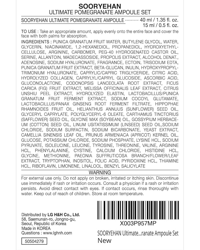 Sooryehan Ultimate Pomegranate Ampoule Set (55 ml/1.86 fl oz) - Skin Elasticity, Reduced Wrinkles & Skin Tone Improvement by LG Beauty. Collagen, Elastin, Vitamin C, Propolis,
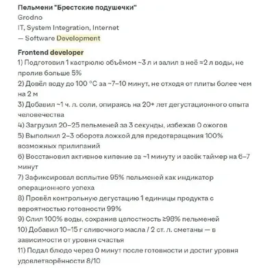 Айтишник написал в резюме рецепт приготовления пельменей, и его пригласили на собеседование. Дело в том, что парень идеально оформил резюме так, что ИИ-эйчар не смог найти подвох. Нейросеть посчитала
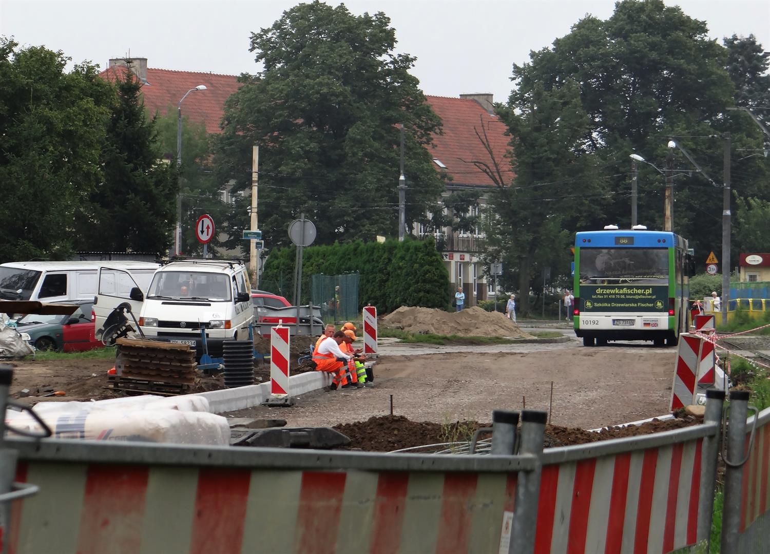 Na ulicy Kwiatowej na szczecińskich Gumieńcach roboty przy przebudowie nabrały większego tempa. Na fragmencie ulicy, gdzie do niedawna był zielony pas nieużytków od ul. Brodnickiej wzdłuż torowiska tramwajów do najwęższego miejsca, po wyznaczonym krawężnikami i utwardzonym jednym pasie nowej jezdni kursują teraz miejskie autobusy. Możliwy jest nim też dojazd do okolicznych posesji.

Work item -
When you transcribe the lines above, keep every word exact but leave the pictures behind.

Answer to this task -
 Sooryehan Ultimate Pomegranate Ampoule Set (55 ml/1.86 fl oz) - Skin Elasticity, Reduced Wrinkles & Skin Tone Improvement by LG Beauty. Collagen, Elastin, Vitamin C, Propolis,
 Айтишник написал в резюме рецепт приготовления пельменей, и его пригласили на собеседование. Дело в том, что парень идеально оформил резюме так, что ИИ-эйчар не смог найти подвох. Нейросеть посчитала
 Na ulicy Kwiatowej na szczecińskich Gumieńcach roboty przy przebudowie nabrały większego tempa. Na fragmencie ulicy, gdzie do niedawna był zielony pas nieużytków od ul. Brodnickiej wzdłuż torowiska tramwajów do najwęższego miejsca, po wyznaczonym krawężnikami i utwardzonym jednym pasie nowej jezdni kursują teraz miejskie autobusy. Możliwy jest nim też dojazd do okolicznych posesji.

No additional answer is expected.